While I sit freezing in my igloo, Mandel is basting in his own perspiration—and smells it. The body odor of Negroes fills me with compassion, with “prose-poetry”—Mandel I am less indulgent of: “he nauseates me” (as my mother says of him), which isn’t to suggest that he is any less hypnotic a creature to me than Smolka is. Sixteen and Jewish just like me, but there all resemblance ends: he wears his hair in a duck’s ass, has sideburns down to his jawbone, and sports one-button roll suits and pointy black shoes, and Billy Eckstine collars bigger than Billy Eckstine’s!
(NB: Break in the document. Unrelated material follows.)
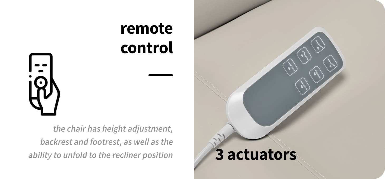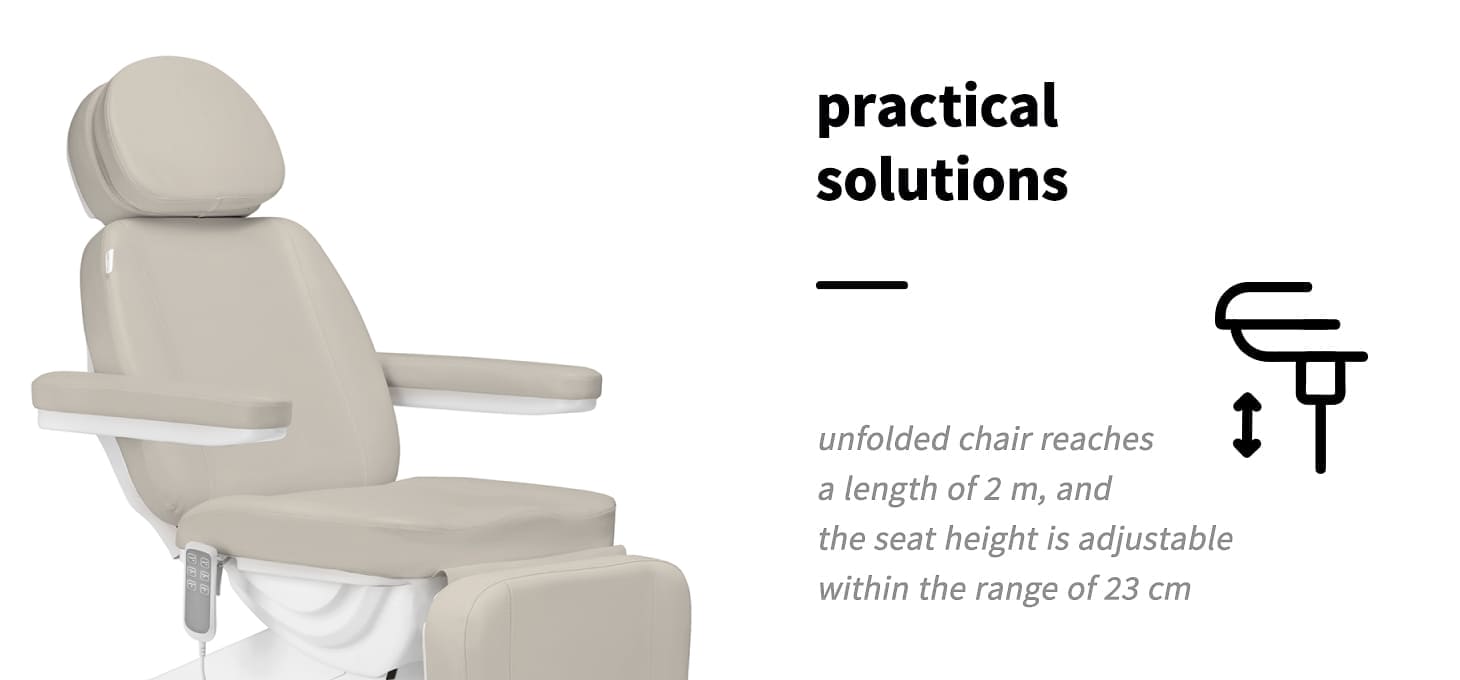 Using an easy-to-use remote control, the chair adjusts smoothly in 3 planes – it is adjustable in height, backrest and footrest. The seat height can be adjusted from 61 cm to 84 cm, and when fully extended the chair reaches a length of 2 m. These dimensions allow the equipment to be easily used by people of different heights and allow it to be adapted to the current treatment and individual needs, which affects both the comfort of the user and the person performing the service. The handles located on both sides of the seat allow the remote control to be hung up so that it is always at hand.

But Jewish. Incredible! A moralistic teacher has leaked to us that Arnold Mandel has the I.Q. of a genius yet prefers instead to take rides in stolen cars, smoke cigarettes, and get sick on bottles of beer. Can you believe it? A Jewish boy? He is also a participant in the circle-jerks held with the shades pulled down in Smolka’s living room after school, while both elder Smolkas are slaving away in the tailor shop. I have heard the stories, but still (despite my own onanism, exhibitionism, and voyeurism—not to mention fetishism) I can’t and won’t believe it: four or five guys sit around in a circle on the floor, and at Smolka’s signal, each begins to pull off—and the first one to come gets the pot, a buck a head.
What pigs.
The only explanation I have for Mandel’s behavior is that his father died when Mandel was only ten. And this of course is what mesmerizes me most of all: a boy without a father.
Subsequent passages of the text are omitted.